Brain Chemistry, By Analogy
The
human brain has a “mail system” that allows its nerve cells, called neurons, to communicate with one another
and send information to the entire nervous system of the body. Neurons are
separated from one another by spaces called synapses.
The brain uses certain chemicals, called neurotransmitters, to carry messages across synapses from one
neuron to another. A message can only be delivered if the receiving neuron has receptors that match the molecular
structure of the neurotransmitters.
In
the “so-called typical” brain, dopamine and norepinephrine, which are
neurotransmitters, create relatively efficient connections between neurons and
certain brain functions now called executive
functions. These executive functions of the brain include attention, concentration, memory,
motivation, effort, impulsivity, hyperactivity, organization, and certain
social skills.
Let’s play this out using an analogy:
Ann
(Neuron A) wants to send a message to Becky (Neuron B). Ann gives the message to her assistant Nora (a
neurotransmitter) who runs across the synapse to Becky’s office to deliver it. Becky’s
assistant (another neurotransmitter) unlocks her office door (receptor). Nora
is allowed to enter and deliver the message. After a short interaction, Becky’s
assistant unlocks the door again, allowing Nora to exit and run back across the
synapse to Ann’s office. Becky’s assistant then relocks the door. Since no
other messengers can get in until her assistant opens the door, Becky is able
to focus on Ann’s message and act on it.
Brain
chemistry can totally mess us this mail system. If Becky does not have the
right assistant (i.e., not enough of the right neurotransmitters) to unlock the
door (receptor), Nora can not enter and deliver the message.

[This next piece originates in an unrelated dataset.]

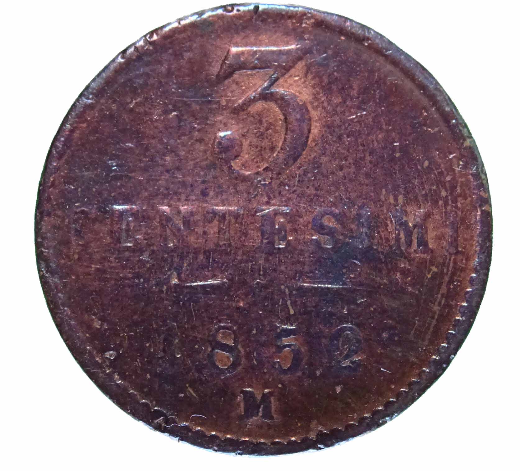 3 Centesimi 1852M – eine seltene Kupfermünze aus dem Königreich Lombardei-Venetien, geprägt in Mailand unter Kaiser Franz Joseph I.. Diese Ausgabe gehört zur ersten Münzserie nach seiner Thronbesteigung und ist ein begehrtes Sammlerstück für Liebhaber der österreichischen Numismatik.

Nora has to hang
out in the synapse waiting for the door to open. In the meantime, Ann sends
dozens of additional messages. Nora and the rest of the neurotransmitters hang
out together as the synapse get more and more crowded. Finally, Becky hires the
right assistant (her brain releases enough of the right neurotransmitters) to
open the door. Nora and all of the other messengers scramble to get in and
start fighting in the lobby in an effort to get their news across. Becky can’t
decipher any of the messages because they are all screaming at the same time. Welcome
to the ADD brain.
The brains of people who are diagnosed with ADD have a higher
concentration of certain proteins that affect neuronal receptors, blocking
neurotransmitters from carrying messages effectively. To stick with the
metaphor, they are like assistants who keep messing with the door locks.
When the doors are locked, the neurons are not
receiving the communication that would cause them to activate attention or regulate
mood. This shows up as “inattentive” behavior and low motivation to get started
on a task or finish a task already started.
When the doors suddenly open, the neurons
receive tons of stimulation and start feverishly communicating to the brain
that it needs to keep pace. A brain trying to cope with the volume of stimuli all
coming at the same time may respond in a couple of ways.
One response is to try to act on everything at
once. Trying to manage the flood of messages coming in the door, “Becky” sends
a red alert to the nervous system. This shows up as hyperactivity, impulsive
behavior, and blurting or interrupting in social situations.
Another response is to focus on one thing. Realizing
she can not possibly sort through the influx of messages at the rate they are
arriving, “Becky” picks up the nearest message and ignores the rest. She sends
a message to the nervous system to act on this one message. This shows up as
hyper-focus on a single task, lack of awareness of surrounding activities, and
a degree of self-absorption that may be perceived as rudeness or selfishness.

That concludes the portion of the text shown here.